For this recitation, you'll be reading Meltdown. Meltdown, along with Spectre, is a security vulnerability that was discovered in 2018 that affects all modern Intel processors.
To help as you read:
- Sections 2 and 3 give a very good overview of the necessary background, and a toy example to help you understand the basic attack.
- Sections 4 and 5 extend that toy example, explaining how Meltdown was actually implemented.
- Section 6 evaluates the attack, explaining what systems are vulnerable and how well the attack performs.
- Sections 7 and 8 discuss countermeasures, and some of the consequences of Meltdown.
As you read, think about the following:
- How does Meltdown differ from the other attacks we've seen?
- Think about Meltdown in the context of the guard model. Is there a guard in place here? If so, how is it being subverted?

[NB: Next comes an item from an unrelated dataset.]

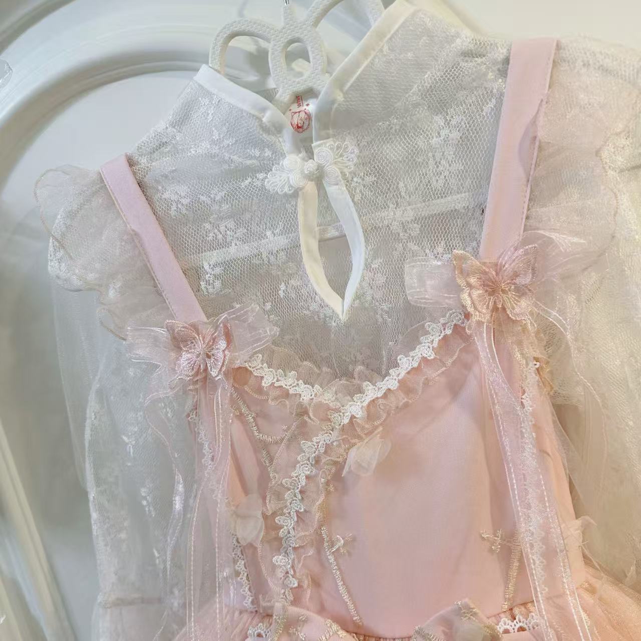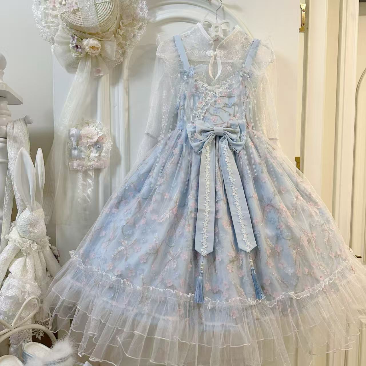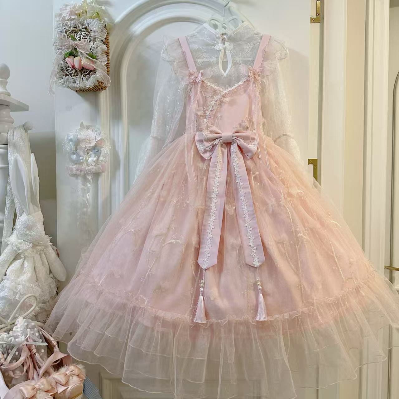 【ロリータ】シュガーガール3周年記念の特別再販モデル。チャイナスタイルを取り入れたオリジナルデザインのサスペンダーJSKワンピースです。春秋にぴったりの上品で可憐な雰囲気が魅力。特別な日のおしゃれを華やかに彩ります。

- The paper (Section 6.4) mentions that ARM and AMD CPUs do not appear susceptible to Meltdown, and posit that it could be that the current implementation of Meltdown is too slow. Why does the speed of the Meltdown code matter here?
Question for Recitation
Think about the following before recitation. You do not need to turn anything in since it's the last week of classes. (Participation during this recitation does still count towards your grade.)
- What is the Meltdown attack?
- How does it work?
- Why is this attack possible? (Or an alternative question, why doesn't Intel simply disable out-of-order execution on its processors?)